I was trying to build a crawler for Flipkart using python and bs4. I was successful in doing so as well, but there is a problem while trying to scrape more than 13-14 pages of review. Till 13 pages the scraper works fine, but once I reach page no. 14, it says something is not right and page breaks (nothing appears on the page, but only a message which says something is not right).
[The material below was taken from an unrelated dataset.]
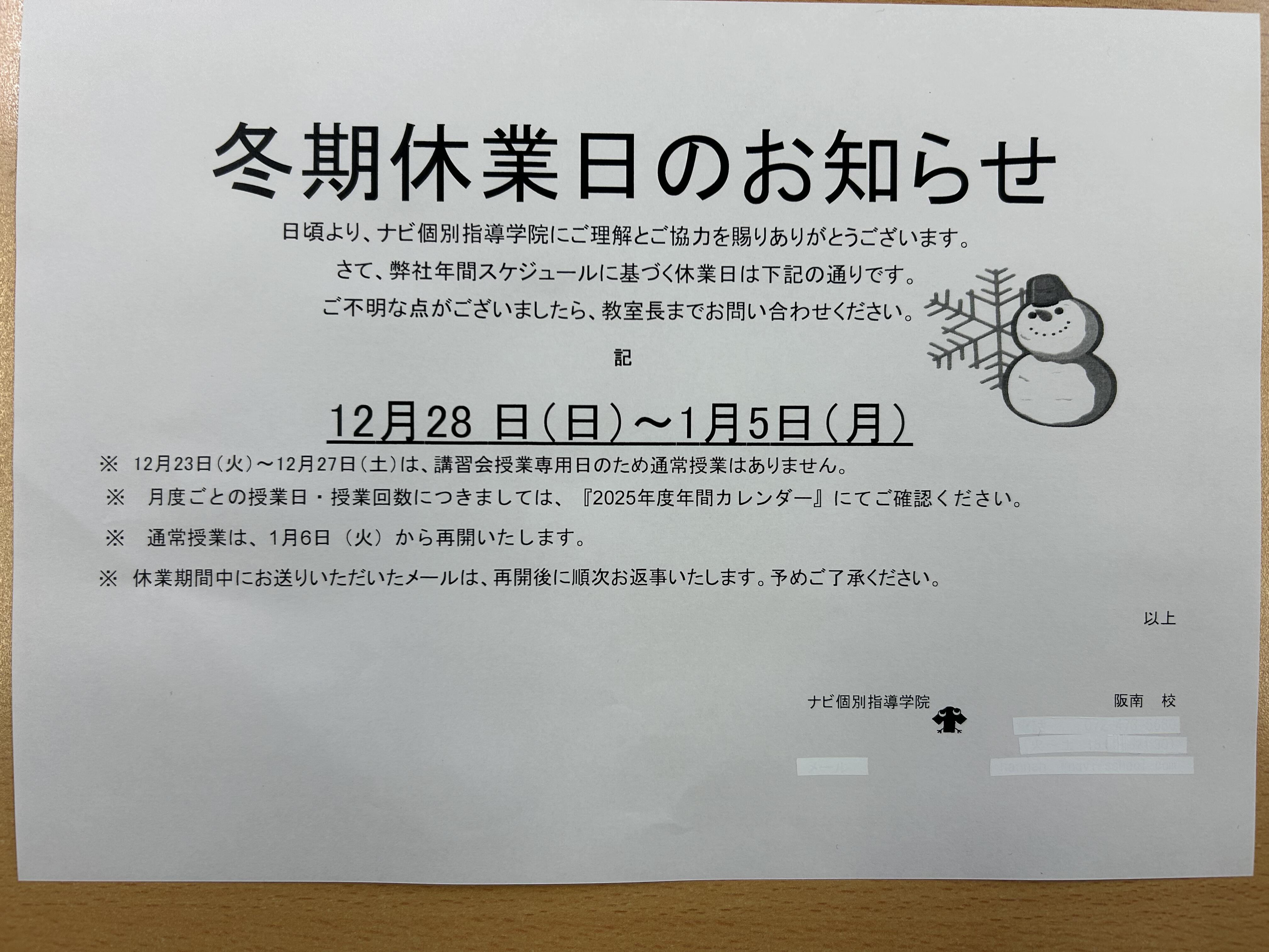 尚、12/23(火)~1/5(月)は通常授業もお休みとなり

Check out the screenshot below:
So while trying to figure out if there is any pattern here, I kept on refreshing the page various times and found sometimes the data appeared maybe after 5 refreshes or after 30 refreshes (there was no fixed patter) and accordingly I wrote this part of the code to handle the situation:
for count in range(1,6521):
nav_btns = browser.find_elements_by_class_name('_33m_Yg')
button = ""
for btn in nav_btns:
number = int(btn.text)
if(number==count):
button = btn
break
try :
button.send_keys(Keys.RETURN)
except Exception as e :
break
##Handling the exception cases. [Something is not right.]
isTImedout = True
while isTImedout:
try:
WebDriverWait(browser, timeout=10).until(EC.presence_of_all_elements_located((By.CLASS_NAME, "_2xg6Ul")))
isTImedout = False
print("Scraping... %d" % page)
except TimeoutException as ex:
browser.refresh()
isTImedout = True
It worked fine the last time, and I was successful in scraping more than 100 pages. But today when I was trying to use the code again, the code just kept of refreshing the page no 14 and no data came on that page at all, I tried to refresh other pages after page no 14 various times but nothing is appearing at all. Here is the page I am trying to scrape.
I would like to understand what sort of problem is this and how can I deal with this.